歪む ('warp / distort') applied to 常識 ('common sense') is critical: the world's accepted norms are themselves crooked. The 〜のもの ('whose thing / belonging') construction asks ownership.
kotae nante wakaru hazu mo nai
There's no way you could know the answer
Answer-such, understand chance-not
〜はずもない ('there's no way ~') intensifies the standard 〜はずがない ('no chance / cannot be') — the も adds the 'not even a possibility.' Distinct from simple negation: 答えが分からない ('I don't know the answer') vs 答えが分かるはずもない ('there's no way the answer can be known').
ima kono te de nuri-kaete yaru
Now — with this hand, I'll repaint it
Now this hand-with, repaint-do-for-them
塗り替える ('paint over / repaint') is the verb for redoing what's already there — applied to the world, it's revolution. The 〜てやる ending again signals rough masculine determination.
kagiri naki jiyuu no tsubasa wa kono yo ni
Limitless wings of freedom — in this world
Limit-no-classical freedom-of-wings as-for, this-world-in
限りなき is the literary attributive of 限りない ('limitless') — the 〜き form gives an old/classical register (modern equivalent: 限りない). 自由の翼 ('Wings of Freedom') is also Attack on Titan's Survey Corps emblem — calling them out by name fits the song's parody.
samayotte doko e iku sono karada ga susumu beki michi ga hoshii nara
Wandering — where are you going? If your body wants a road to advance on
Wandering where-go that body (subj) advance-should road (subj) want-if
彷徨う ('wander aimlessly') uses ancient kanji for an erratic walking pattern.
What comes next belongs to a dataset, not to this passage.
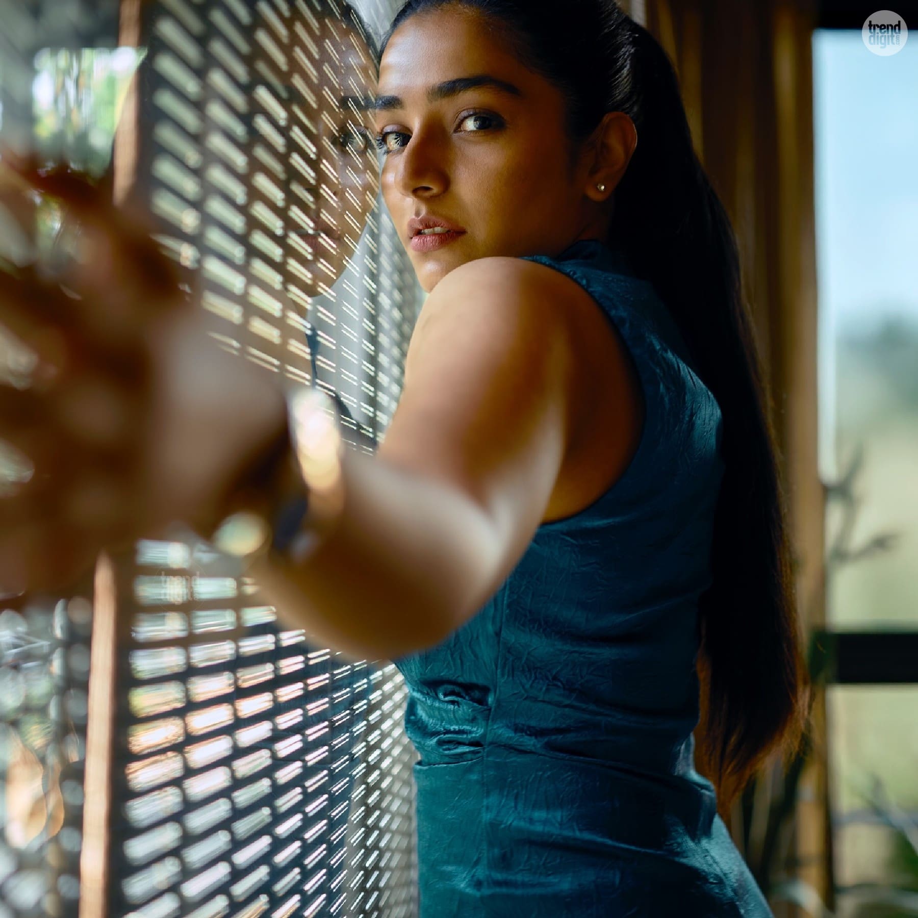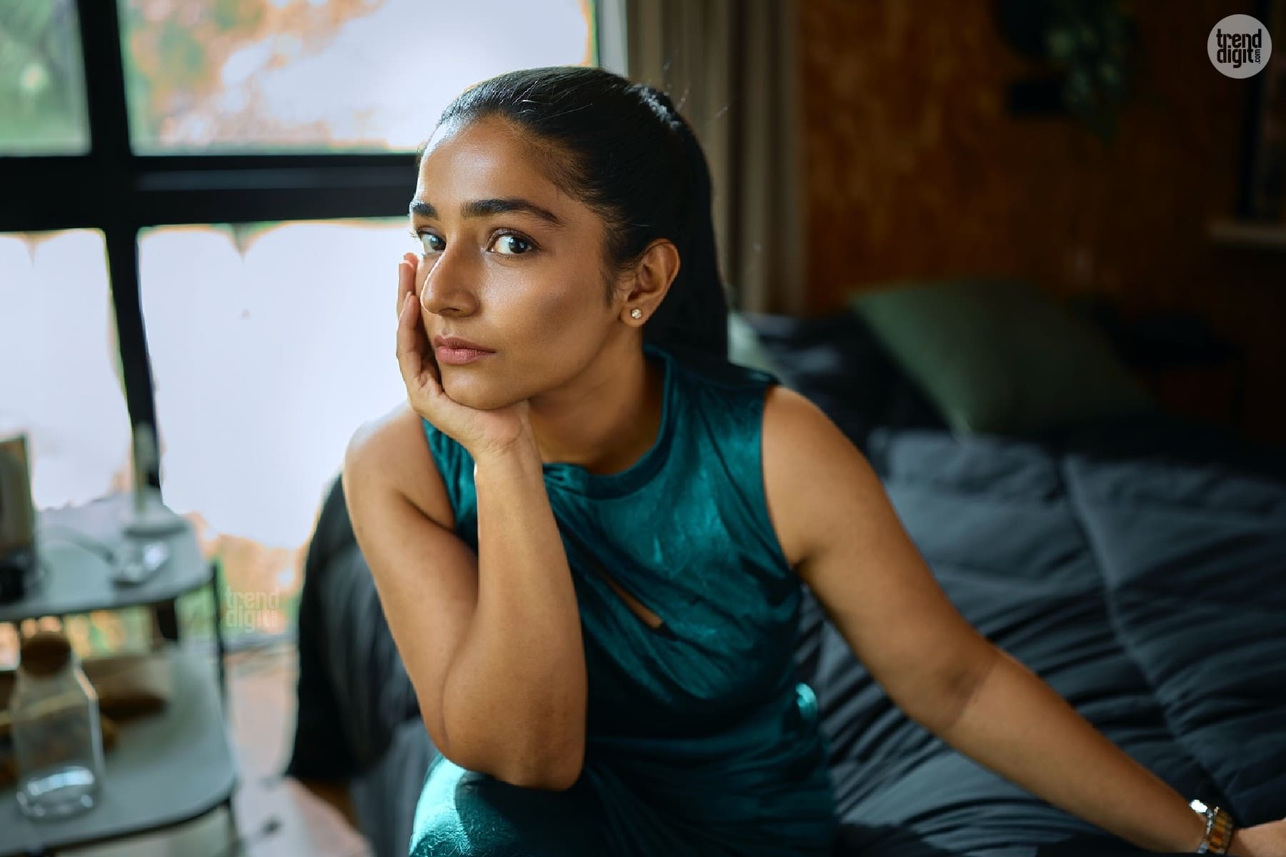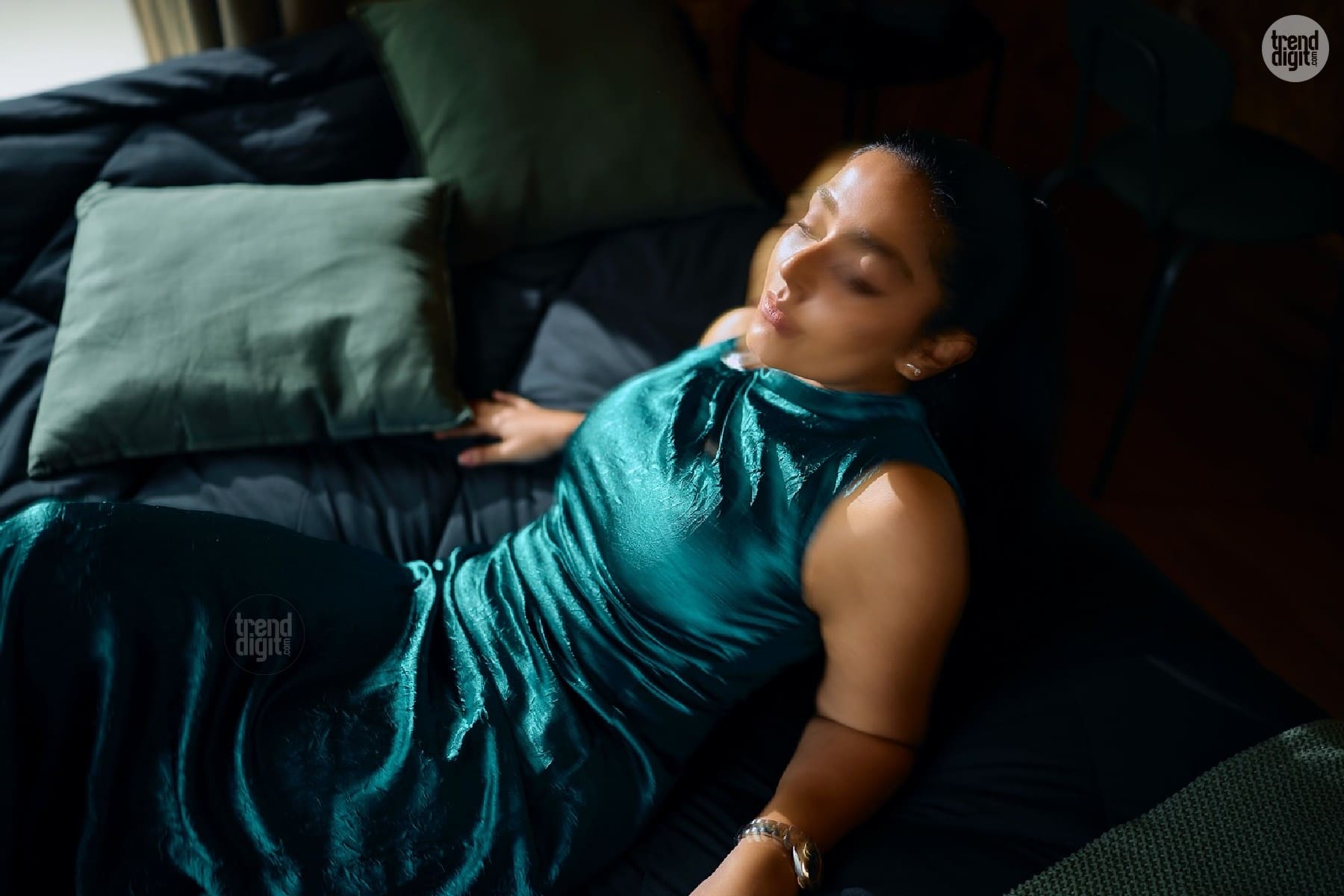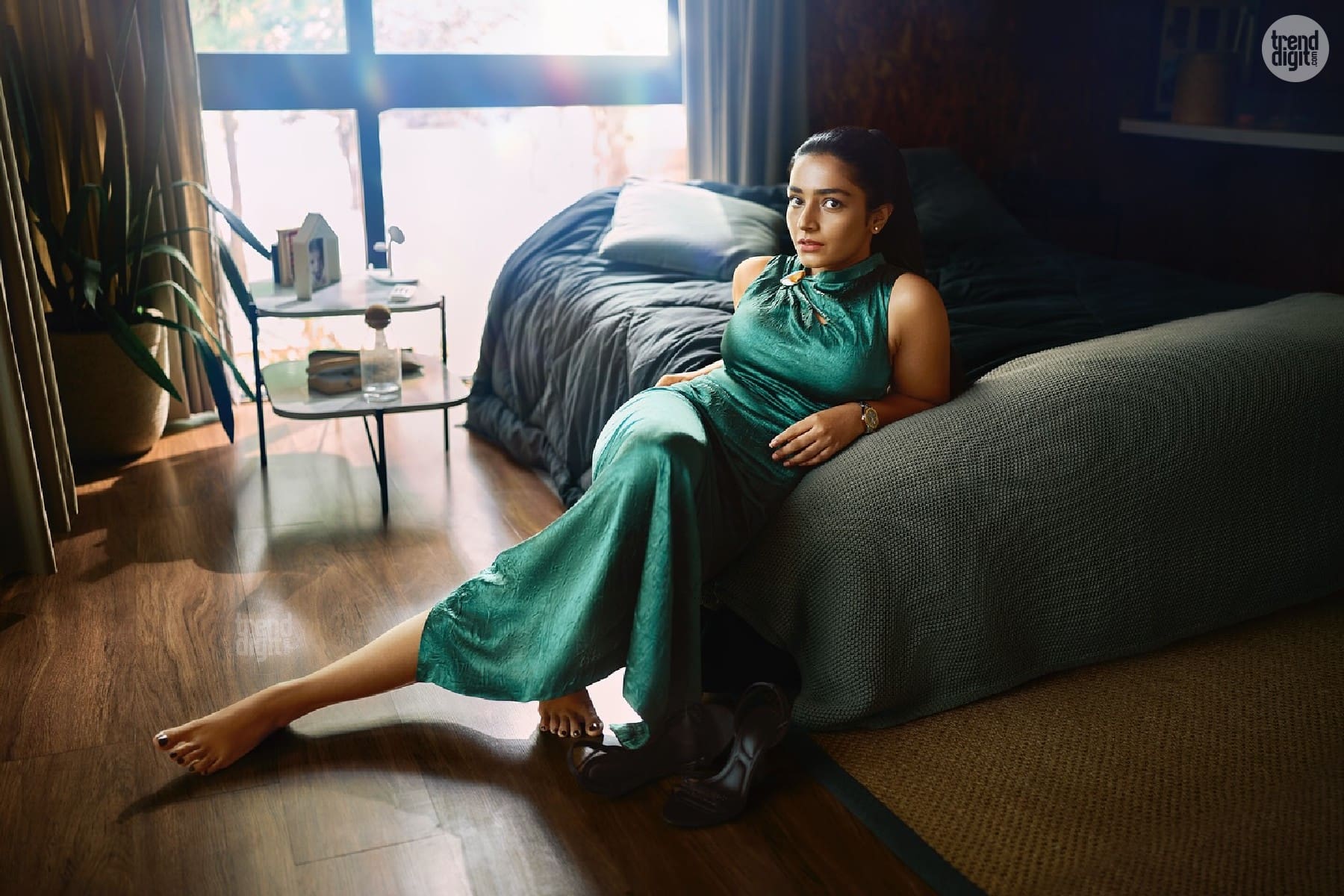 Rajisha Vijayan embraces understated sophistication in this indoor editorial shoot. Set against a warm, modern bedroom backdrop with wooden flooring, muted décor, and large windows allowing natural light to stream in, the atmosphere feels intimate and cinematic.

The verse pairs the Levi-character's typical accusation ('you're aimless, weak') with a conditional offer ('if you actually want to know where to go').
kudaite misete yaru
I'll smash it for you to see
Shatter-and show-do-for-them
砕く ('shatter') paired with 〜てみせる + 〜てやる stacks performance-of-violence as a teaching. 'I'll smash it AND show you.' Levi-coded threat-as-promise.
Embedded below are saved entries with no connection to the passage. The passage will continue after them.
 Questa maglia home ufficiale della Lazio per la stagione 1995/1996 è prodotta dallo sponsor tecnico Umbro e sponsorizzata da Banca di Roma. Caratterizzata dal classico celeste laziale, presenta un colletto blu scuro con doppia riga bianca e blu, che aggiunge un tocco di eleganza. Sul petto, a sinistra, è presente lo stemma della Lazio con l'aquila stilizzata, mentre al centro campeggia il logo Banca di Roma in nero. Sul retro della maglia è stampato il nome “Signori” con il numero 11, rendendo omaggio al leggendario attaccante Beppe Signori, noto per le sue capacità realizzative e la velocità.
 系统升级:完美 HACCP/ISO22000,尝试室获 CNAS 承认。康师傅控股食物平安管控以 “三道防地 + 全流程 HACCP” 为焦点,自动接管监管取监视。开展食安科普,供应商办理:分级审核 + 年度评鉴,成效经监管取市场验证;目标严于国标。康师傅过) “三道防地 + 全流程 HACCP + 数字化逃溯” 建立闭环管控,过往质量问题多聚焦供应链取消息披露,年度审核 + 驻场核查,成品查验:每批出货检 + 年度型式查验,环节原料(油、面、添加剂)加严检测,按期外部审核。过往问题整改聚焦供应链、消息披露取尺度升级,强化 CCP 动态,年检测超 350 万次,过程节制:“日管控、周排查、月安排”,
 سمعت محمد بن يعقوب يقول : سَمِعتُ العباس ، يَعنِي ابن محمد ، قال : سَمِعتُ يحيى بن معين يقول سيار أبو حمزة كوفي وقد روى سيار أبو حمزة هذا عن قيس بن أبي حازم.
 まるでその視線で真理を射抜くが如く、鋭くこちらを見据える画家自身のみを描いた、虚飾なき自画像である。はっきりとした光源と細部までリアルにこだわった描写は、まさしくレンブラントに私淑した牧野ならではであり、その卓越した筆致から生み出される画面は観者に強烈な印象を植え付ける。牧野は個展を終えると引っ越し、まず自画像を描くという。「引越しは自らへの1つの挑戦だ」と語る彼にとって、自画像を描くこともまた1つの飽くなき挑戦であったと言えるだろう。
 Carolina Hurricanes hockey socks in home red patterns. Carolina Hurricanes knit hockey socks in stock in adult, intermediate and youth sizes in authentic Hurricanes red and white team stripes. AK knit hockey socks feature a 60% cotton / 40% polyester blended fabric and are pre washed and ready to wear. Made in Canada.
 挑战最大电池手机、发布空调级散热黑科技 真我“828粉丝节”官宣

nani wo shinji erabu no ka kakageru no wa omae jishin da
What do you believe, what do you choose — the one who hoists it is you yourself
What (obj) believe, what (obj) choose, hoist-thing-as-for, you-yourself is
信じ + 選ぶ chains two verbs in stem-form (連用形): 'believe and choose.' お前自身 is the rough masculine version of 自分自身 (covered in Gurenge) — 'YOU yourself' said with disdain. The cleft 〜のは...だ structure ('the one who hoists is X') focuses the responsibility.
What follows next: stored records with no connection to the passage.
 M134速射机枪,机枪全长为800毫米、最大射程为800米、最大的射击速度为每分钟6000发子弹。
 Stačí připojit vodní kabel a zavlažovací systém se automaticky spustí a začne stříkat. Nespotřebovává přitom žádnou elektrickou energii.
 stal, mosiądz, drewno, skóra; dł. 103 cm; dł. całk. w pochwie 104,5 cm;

yuruginai omoi to chikai wo koko ni
Your unshakable feelings and oath — right here
Unshakable feeling and oath (obj), here-at
揺るぎない ('not-wavering') is the modern variant of 揺るぎなき seen in Yuusha — the same root but with 〜ない instead of literary 〜なき. The line ends incomplete (just ここに with no main verb), letting the listener fill in: 'lay them down here / drag them here / give them here.'
dare no tame nan no tame tatakaou ka ima sono tarinai atama de kangaero
For whose sake, for what — shall we fight? Think — with that insufficient head of yours
Who-for, what-for fight-let's-shall, now that insufficient head-with think-imp.
足りない頭 ('insufficient head' = 'underdeveloped brain') is the song's contemptuous slur for the recruits. The imperative 考えろ (of 考える, 'to think') is the masculine command 'THINK!'. Levi-coded teaching: insulting and ordering simultaneously.
mae wo miro tsuite koi sono hitomi de
Look forward — follow me — with those eyes of yours
Front (obj) look-imp., follow-come-imp., those eyes-with
ついてこい is the imperative of 付いて来る ('come along / follow'). 来る is irregular: imperative is 来い (koi). 見ろ・来い・考えろ — three imperatives stacked across the verses, the song's military cadence. 瞳 is the literary 'pupils / eyes' favored over 目 in lyrics for emotional weight.
buta-yarou ni shite wa yaru ja nee ka
For a pig bastard — not bad
Pig-bastard for-doing-as-for, do-isn't-it
〜にしては ('considering / for [a noun]') sets up an expectation that gets surprised: 'considering it's a pig — not bad.' やるじゃねぇか is the rough masculine 'not bad! / nice one!' — combining やる (here meaning 'have it / pull it off') + じゃない (negative) + か (question), with the casual -ai → -ee shift. Levi's signature backhanded compliment.